Pero la gota que colma el vaso, sobre todo si atendemos al estado de indigencia y nula capacidad operatividad en la que se encuentra actualmente la Consejería de Cultura del Gobierno de Canarias, es la anunciada constitución de un Consejo Canario de las Artes Culturales durante el primer trimestre de 2013.

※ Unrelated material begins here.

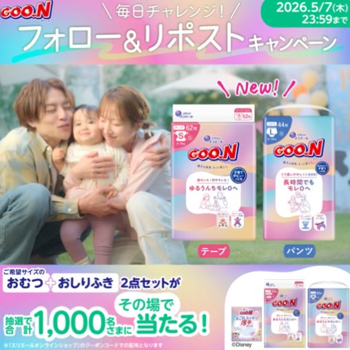 懸賞情報その場で当たるおむつ1パック+おしりふき1パックが当たる大量当選Xキャンペーン 懸賞名:「グーン モレ0へ」シリーズ発売記念キャンペーン当選賞品:おむつ1パック+おしりふき1パック当選人数:1,000名様応募条件:X(Twitter)アカウントで毎日その場で当たる企業名:エリエール この懸賞に応募する2026年05月07日(残り29日) 見逃せない懸賞ボディメンテオールスターズ ファンミーティング参加チケット 他500組1,000名様 他デジタルギフトカード / えらべるPay 最大1,000円分300名様 / 9,700名様デジタルギフトカード 最大1万円分936名様Panasonic 電気圧力鍋 / アラジン グラファイトトースター 他50名様 / 50名様 他電子マネー 最大10,000円分2,330名様コズレオリジナルデザイン「出生届」メルマガ登録して必ずもらえる 応募可能な懸賞関連する当選報告 ムッシュ熊雄ヨギボーやキャンバスミニトートが当たるキャンペーン2026年06月30日(全2回開催)【ヤマザワ×日清】日清のどん兵衛ナイター招待券も当たるクローズドキャンペーン残り29日金芽米1年分が50名様に当たる豪華LINEクイズキャンペーン残り48日BALMUDA The Potやスイーツが当たるUCCのクローズドキャンペーン残り22日毎月開催♪今月のオススメ商品セットが当たるキャンペーン!毎月開催いばらきのおいしいものが当たるJAグループ茨城のクローズドキャンペーン残り37日 CHANEL「N゜5 ロー オードゥ トワレット サンプル」が当選しました♪プレモノ「Suntory『南アルプスの天然水&ヨーグリーナ』のお詫びの品」ノートンのTwitter懸賞で「等身大ドラえもんバスタオル」が当選しました!TULLY’S COFFEE「タリーズカード1,000円分」が当選しました☆第2広報室「MAYBELLINE NEW YORK スーパー ミネラル コンシーラー ロングキープ」クスリのアオキ×ユニリーバのキャンペーンで「北陸カタログギフト」が当選しました! 関連情報: X懸賞(Twitter懸賞)オープン懸賞育児・子育て懸賞毎日応募ネット懸賞その場で当たる大量当選SNS懸賞ベビー・キッズ・おもちゃ懸賞情報 赤ちゃん・育児用品おむつ育児・子育てエリエール HOME懸賞情報応募方法SNS懸賞X懸賞(Twitter懸賞)おむつ1パック+おしりふき1パックが当たる大量当選Xキャンペーン 2026年04月08日 更新:ものりんず@懸賞主婦【厳選】毎日応募 【全て】毎日応募

Un espacio, comenta Rojas, de reflexión y coordinación que, adelanta, degenerará posteriormente en un Observatorio Canario de la Cultura, un órgano que se encargará entonces de presentar anualmente un informe del estado del sector, el primero de ellos, previsiblemente, en 2014.

¿?

¿A santo de qué?

¿No decíamos que se apuesta por un nuevo modelo cultural?

¿Por dinamizar la privatización del sector?

Permítame otra pregunta…

¿Cuál será el criterio de selección de los sabios que formarán parte de este Consejo que luego será Observatorio?

¿Lo integrará alguno de esos trescientos anónimos representantes del sector público y privado que respaldan el cambio?

El cambio del modeeeelo curtural.

¿Cuánto nos costará a los habitantes de estas islas sostener ese Consejo/Observatorio?

Porque mucho me hace sospechar que no se constituirá por amor al arte

Y en ese caso ¿podemos los anónimos contribuyentes de verdad permitirnos ese gasto?

Es más…

– ¿Podemos los anónimos contribuyentes de verdad sostener en la actualidad argo tan inútil, tal y como están las cosas, como es Canarias Curtura en Red?

– ¿Y Septenio?

¿Qué pasó con er Septenio?

¿Y esa consejería de Cultura que no sirve ya para naaaada?

Conclusión:

¿Por qué nos tomas por idiotas, Inés Rojas?

(*) La imagen está tomada de El digital de Canarias.

Saludos, mmm, no gracias, desde este lado del ordenador.